Demand there is driven by frustration within the Ministry of Environment over the fate of water treatment plants, which municipalities regularly shut down after construction. Kilic observes that local authorities, while responsible for these facilities, have little experience in running them and struggle to keep tabs on costs. “The problem is not really financing, it’s running them efficiently.”
Evolution in the sector is still at a very early stage, she says. A pilot municipality will soon be put to the test, allowing a decision on whether or not to replicate the experience. Operating such assets will also involve a different set of skills and experience than previous PPP projects – which is why Kilic reckons the largest players there will likely be overseas water companies like Veolia or Abengoa, though fund managers could also own stakes in projects.
Whatever happens, innovation will probably be pursued on another front. The sheer amount of financing needed to bring all these projects to close has already prompted existing players to seek to raise liquidity elsewhere: on the capital markets. The pioneer here was Mersin International Port project, which was refinanced in 2013 through a $450 million bond after a few years of operation.

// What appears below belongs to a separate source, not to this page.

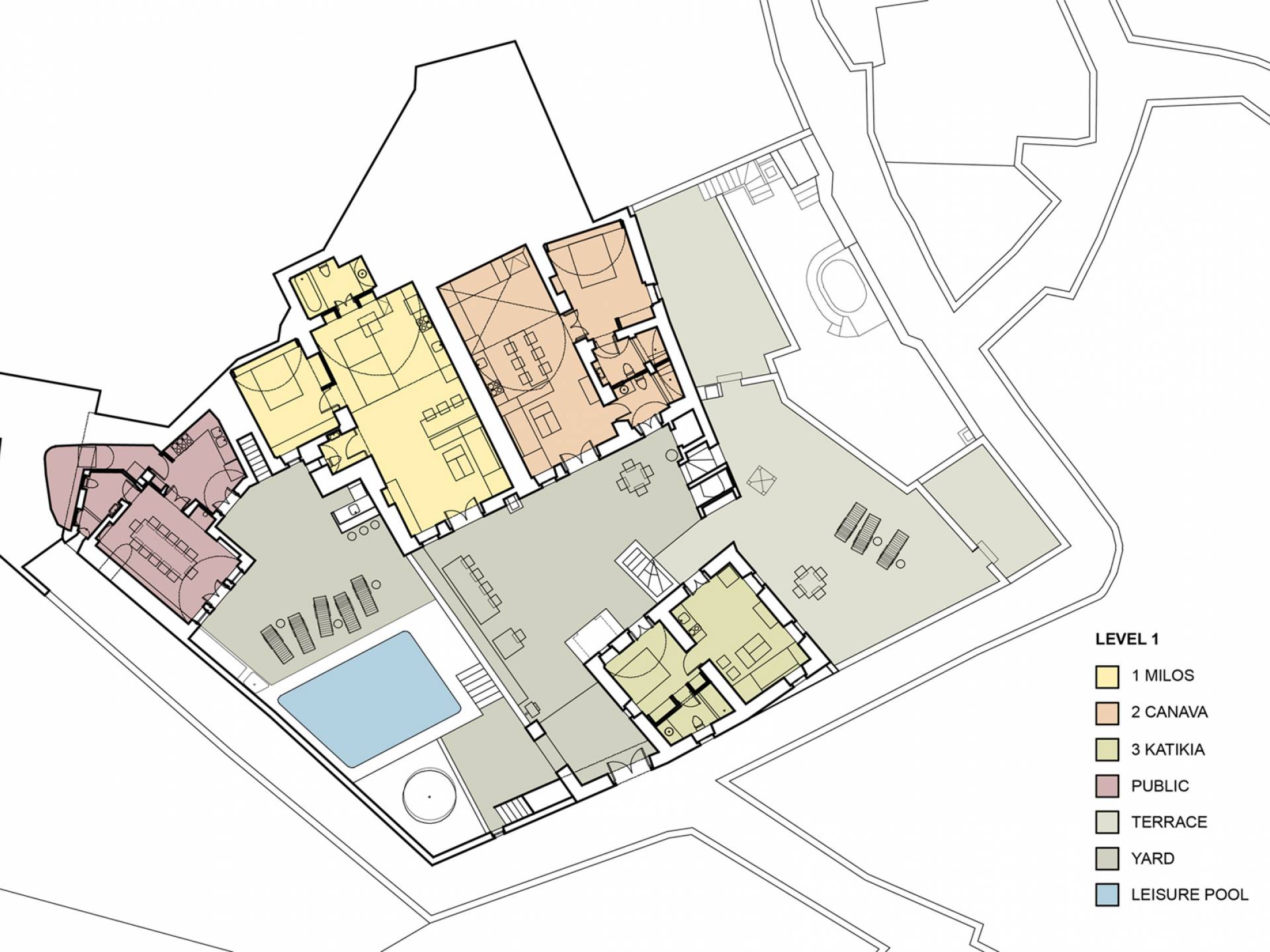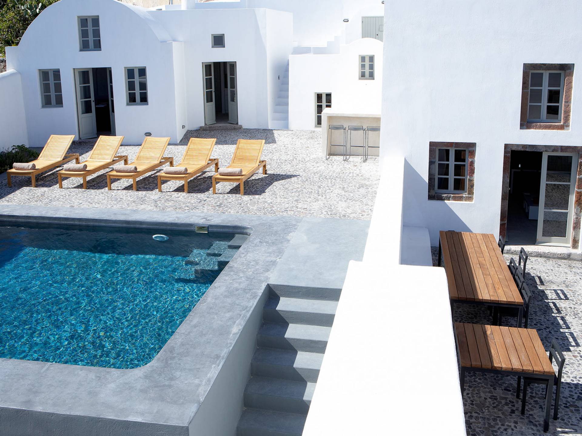 Tienes que quedarte aquí, vivir en él y respirarlo, para apreciar plenamente el esplendor de los techos altos y la luz natural de Fabrica. La villa cuenta con un generoso espacio al aire libre: con dos impresionantes terrazas con piscina y varios arreglos adicionales al aire libre, tendrá muchas opciones para encontrar el lugar perfecto para disfrutar del sol griego. Se ha prestado atención y cuidado a esta casa para asegurarnos de que todo sea elegante y lujoso sin ser exigente. Ofrece una comodidad inmejorable y una elegancia natural para lo que es verdaderamente una villa de lujo única en su tipo. Debido a su distribución, Fabrica se puede dividir en dos villas privadas y totalmente separadas, o contratarse como un todo, un retiro verdaderamente espectacular para una boda inolvidable o una gran reunión familiar. También organizamos retiros de spa de una semana y escuelas de cocina fuera de temporada.

Using capital markets for greenfield projects, which is where much of the liquidity will be needed, would be something new. But Kilic points out that the government is keen to show its commitment to making investors and lenders more comfortable: its hospital PPP projects involve termination mitigation mechanisms during the construction phase and first years of operation.
Once again Meridiam seems keen to help. “If we want to open up the infrastructure market and bring it to its next phase we need to develop the Turkish bond market,” Marco says. “One success would probably be enough to make investors look at Turkey differently.”